• [The task]
From the first line below to the last, reproduce the material exactly and leave out the images.

• [Supplied material]
================================
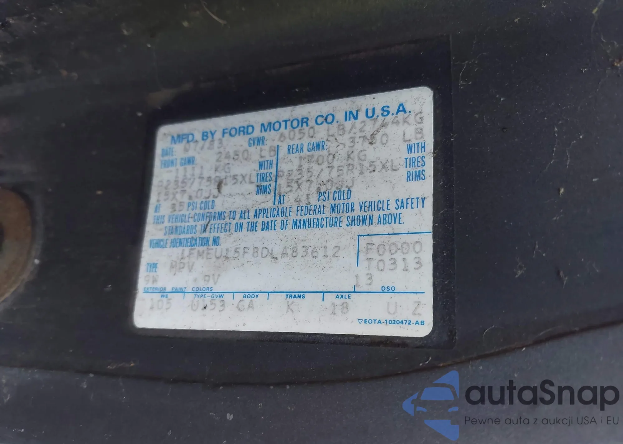 VIN: 1FMEU15F8DLA83612
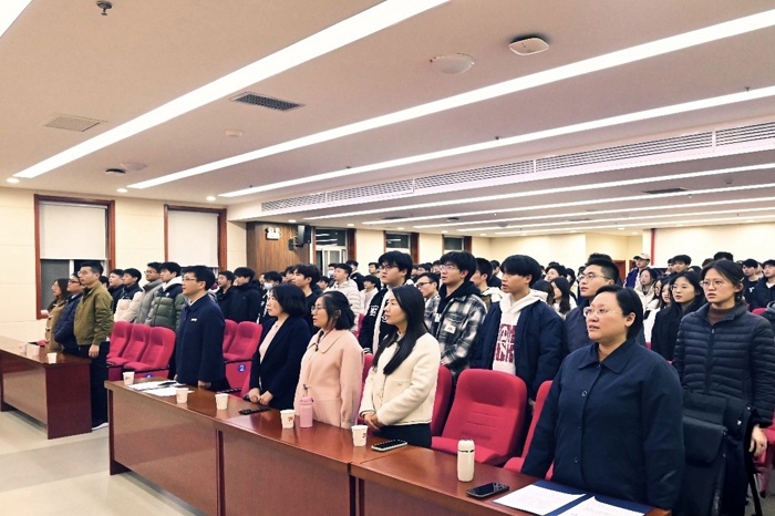 大会在庄严的国歌声中拉开帷幕。全体与会人员肃立齐唱国歌,展现了学院师生昂扬的精神风貌。李扬宣读《Beat365中文官方网站关于表彰2024-2025学年学生集体奖、个人奖暨社会实践优秀团队、个人的决定》。文件系统梳理并表彰了过去一学年中涌现出的各类先进团队、优秀学生典型,从学术、实践、文体、公益等多个维度,体现学院“五育并举”的育人成果。
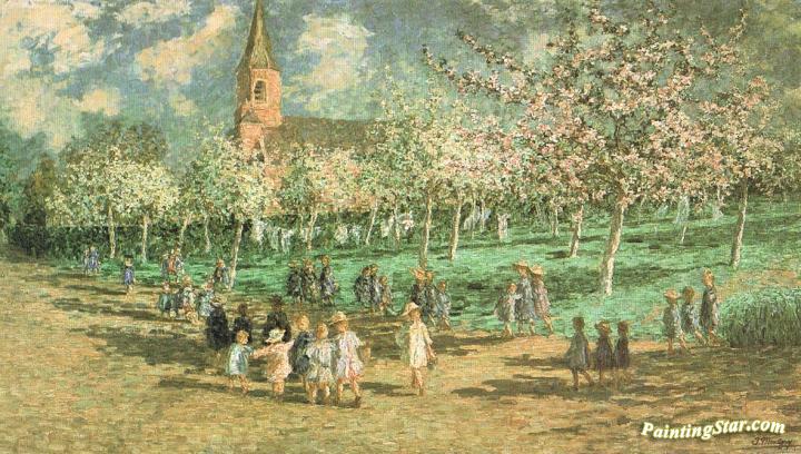 Verger En Fleur Et écoliers, Art Painting by Jenny Montigny
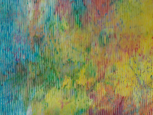 Bali-Batik Stoff in Bunt mit Strichen.
================================
• [Solution to this exercise]
 VIN: 1FMEU15F8DLA83612
 大会在庄严的国歌声中拉开帷幕。全体与会人员肃立齐唱国歌,展现了学院师生昂扬的精神风貌。李扬宣读《Beat365中文官方网站关于表彰2024-2025学年学生集体奖、个人奖暨社会实践优秀团队、个人的决定》。文件系统梳理并表彰了过去一学年中涌现出的各类先进团队、优秀学生典型,从学术、实践、文体、公益等多个维度,体现学院“五育并举”的育人成果。
 Verger En Fleur Et écoliers, Art Painting by Jenny Montigny
 Bali-Batik Stoff in Bunt mit Strichen.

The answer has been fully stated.